Please, could you print all the lines below exactly, leaving out the pictures?
[Opening Given data section]
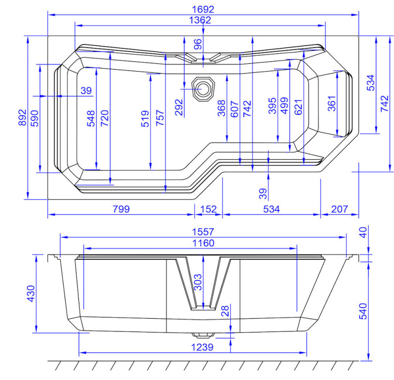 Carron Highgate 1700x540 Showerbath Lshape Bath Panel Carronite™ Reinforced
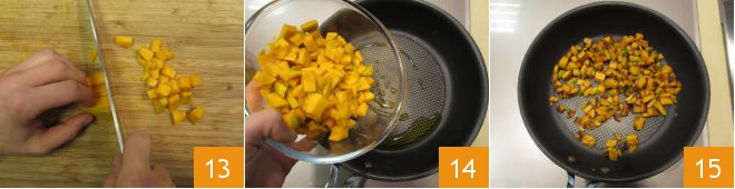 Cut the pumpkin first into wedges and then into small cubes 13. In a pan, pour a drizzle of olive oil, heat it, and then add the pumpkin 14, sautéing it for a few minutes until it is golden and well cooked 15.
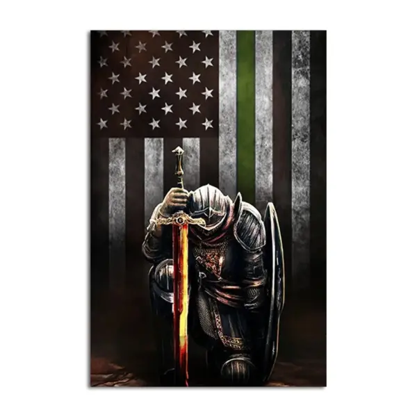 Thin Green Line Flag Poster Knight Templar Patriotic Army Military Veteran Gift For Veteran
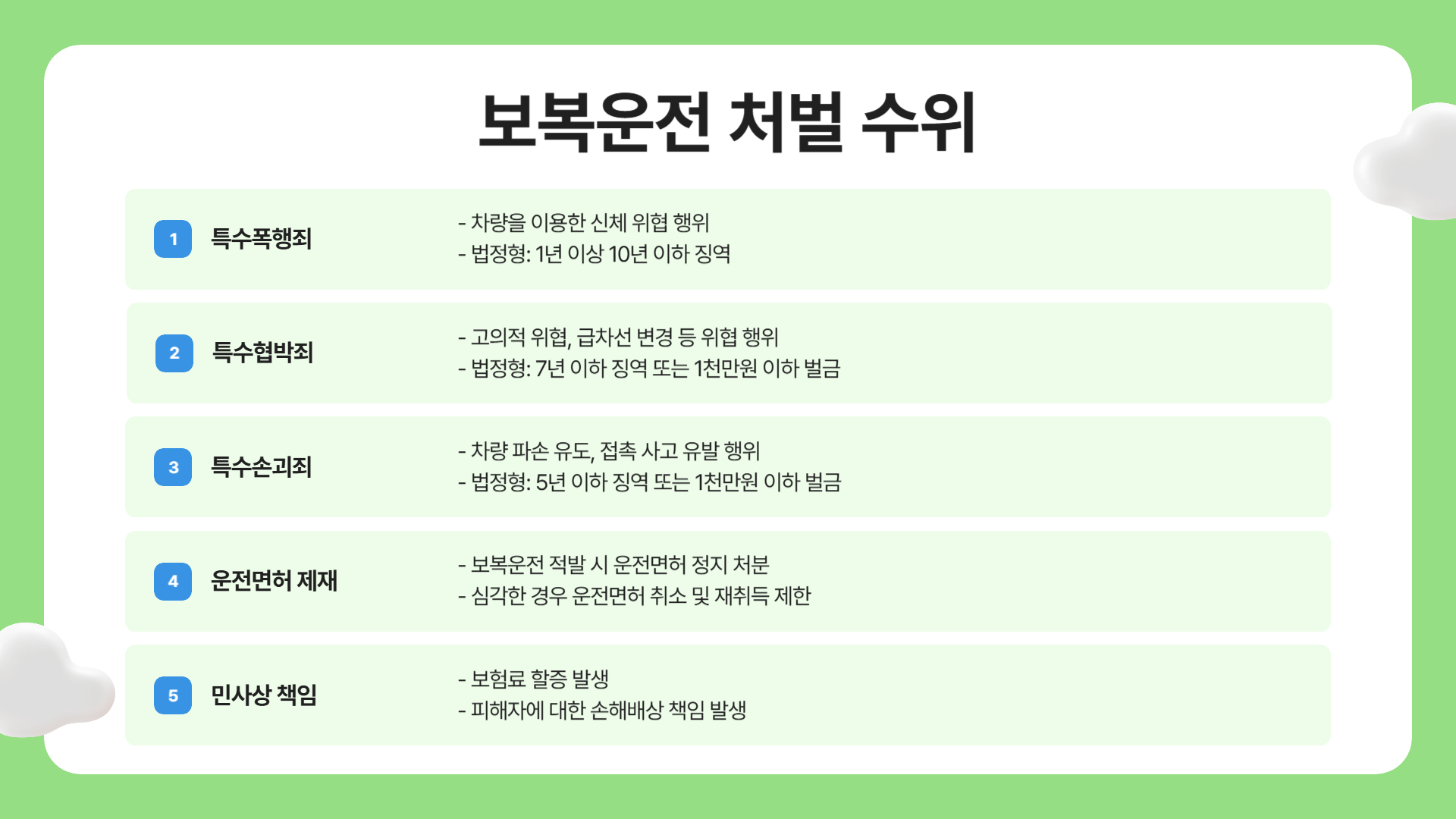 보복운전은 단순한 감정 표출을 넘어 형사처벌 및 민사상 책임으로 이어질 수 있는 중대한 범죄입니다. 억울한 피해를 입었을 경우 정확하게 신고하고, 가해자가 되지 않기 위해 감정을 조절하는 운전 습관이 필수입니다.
[Closing Given data section]
* _Answer section_:
 Carron Highgate 1700x540 Showerbath Lshape Bath Panel Carronite™ Reinforced
 Cut the pumpkin first into wedges and then into small cubes 13. In a pan, pour a drizzle of olive oil, heat it, and then add the pumpkin 14, sautéing it for a few minutes until it is golden and well cooked 15.
 Thin Green Line Flag Poster Knight Templar Patriotic Army Military Veteran Gift For Veteran
 보복운전은 단순한 감정 표출을 넘어 형사처벌 및 민사상 책임으로 이어질 수 있는 중대한 범죄입니다. 억울한 피해를 입었을 경우 정확하게 신고하고, 가해자가 되지 않기 위해 감정을 조절하는 운전 습관이 필수입니다.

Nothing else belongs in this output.